Right-sizing Data Script
Connect-VIServer $vcenter_fqdn # change this to your vCenter name!
$vms = Get-VM | Where-Object {$_.PowerState -like "*on*" -and $_.NumCpu -ge 4} # Most VMs with fewer than 4vCPU are boring
$data = @()
foreach ($vm in $vms)
{
$ready = $vm | Get-Stat -Stat cpu.ready.summation -Start (Get-Date).AddDays(-365)
$ghz = $vm | Get-Stat -Stat cpu.usagemhz.average -Start (Get-Date).AddDays(-365)
$info = "" | select VM,vCPU,GhzUsed,ReadySecPerDay,GhzCapacity,NeededCores,HostSockets,HostCores,NumaCores
$info.VM = $vm.name
$info.vCPU = $vm.NumCpu
$info.ReadySecPerDay = [int](($ready | Measure-Object -Property Value -Average).Average / 1000)
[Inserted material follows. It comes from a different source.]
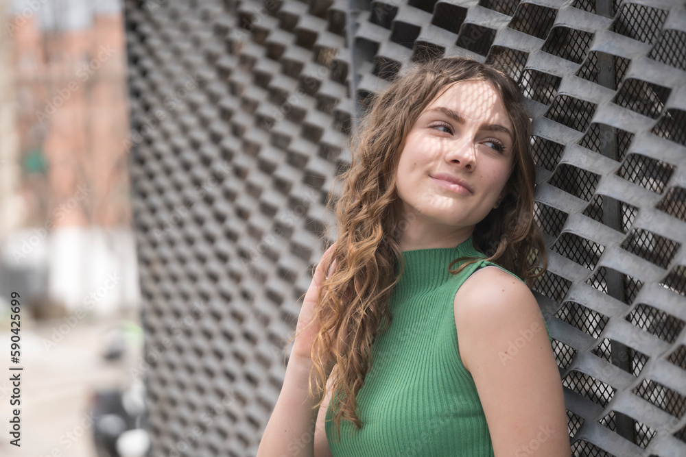 A close-up portrait of a confident looking young woman with a green shirt against a gray background.

$info.GhzUsed = [math]::Round((($ghz | Measure-Object -Property Value -Average).Average / 1000), 2)
$info.GhzCapacity = $vm.NumCpu * 2.1
$info.NeededCores = [math]::ceiling(($ghz | Measure-Object -Property Value -Average).Average / 2100) * 2
$info.HostSockets = $vm.VMHost.ExtensionData.Hardware.CpuInfo.NumCpuPackages
$info.HostCores = $vm.VMHost.ExtensionData.Hardware.CpuInfo.NumCpuCores
$info.NumaCores = $vm.VMHost.ExtensionData.Hardware.CpuInfo.NumCpuCores / $vm.VMHost.ExtensionData.Hardware.CpuInfo.NumCpuPackages
$data += $info
$info | fl
}
Clear-Host
$data | ft
$data | Export-Csv all_vm_cpu_ghz_ready.csv -NoTypeInformation
Script Output
Here’s an example of the output from this script. As you can see, the more cores a VM has, the higher its ReadySecPerDay will be.
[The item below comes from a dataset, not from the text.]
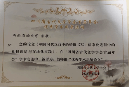 2026年1月2日至4日,“数智时代中国文学与文化研讨会暨四川省古代文学学会成立大会”在攀枝花学院圆满举行。本次会议由四川省古代文学学会、四川大学文学与新闻学院联合主办,攀枝花学院承办,系该学会首届年会,汇聚了省内外100余位知名学者与硕博学生。我院副教授彭敏老师受邀参会作主题报告,在会上发表最新研究成果,并荣获会议论文奖项。

VM vCPU GhzUsed ReadySecPerDay GhzCapacity NeededCores HostSockets HostCores NumaCores
-- ---- ------- -------------- ----------- ----------- ----------- --------- ---------
<vm name> 28 6.95 53702 50.4 8 2 28 14
<vm name> 28 1.83 44517 50.4 2 2 28 14
<vm name> 22 2.51 42160 50.4 4 2 28 14
<vm name> 22 1.91 40147 50.4 2 2 28 14
....
<vm name> 4 0.1 14 8.4 2 2 16 8
<vm name> 6 0.06 7 12.6 2 2 20 10
<vm name> 4 0.13 3 8.4 2 2 36 18
<vm name> 4 0.38 3 8.4 2 2 20 10
Explanation of Fields
VM Name of the VM
vCPU Count of vCPU cores assigned to the VM
GhzUsed Average Ghz consumed by the VM over the past year
ReadySecPerDay Average number of total seconds the VM's cores were in "CPU READY" state (waiting for CPU time from the host)
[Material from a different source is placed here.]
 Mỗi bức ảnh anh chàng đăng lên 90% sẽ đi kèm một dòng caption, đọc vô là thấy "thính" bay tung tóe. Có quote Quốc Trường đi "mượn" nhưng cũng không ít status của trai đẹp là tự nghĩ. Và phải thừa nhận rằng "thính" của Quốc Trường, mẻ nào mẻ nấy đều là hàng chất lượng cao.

NeededCores Double the number of cores required to accomodate average load, assuming a core provides about 2Ghz
HostSockets Number of physical processors installed in the ESXi host
HostCores Total number of cores between all sockets
NumaCores Number of cores available to each NUMA node
It’s normal to have some CPU READY time in your virtual environment. It is, after all, a shared environment. Many VMs will average less than 200 seconds of CPU READY per day. However, when you start to get larger and larger vCPU counts, you can see CPU READY piling up into the tens of thousands. This is all performance that is just out the window. Right-sizing all your VMs will prevent them from competing for resources.
Change the vCPU settings
In the cases where you need more vCPU cores than exist on a given NUMA node, you can fiddle with the CPU cores/sockets settings in the VM virtual hardware settings. This VMware blog has far more detail about it: https://blogs.vmware.com/performance/2017/03/virtual-machine-vcpu-and-vnuma-rightsizing-rules-of-thumb.html
Move the VMs to hosts with higher core counts
Lets say you have some hosts with 2x10 cores but they have VMs with 16 cores. You could move those VMs to larger hosts with 2x16 cores or more.
Use CPU reservations
Important note: This just tells VMware to rob Peter to pay Paul. You can use this to ensure that production VMs get resources when push comes to shove and that non-prod VMs get crippled.
Use Anti-Affinity Rules
If you only have a handful of oversized VMs in your environment, you can create anti-affinity rules to ensure that they don’t reside on the same host together. This can also be a stopgap measure.
Conclusion
The easiest thing to do is simply right-size your VMs. Correctly allocated CPU and RAM will prevent this problem, as well as many others.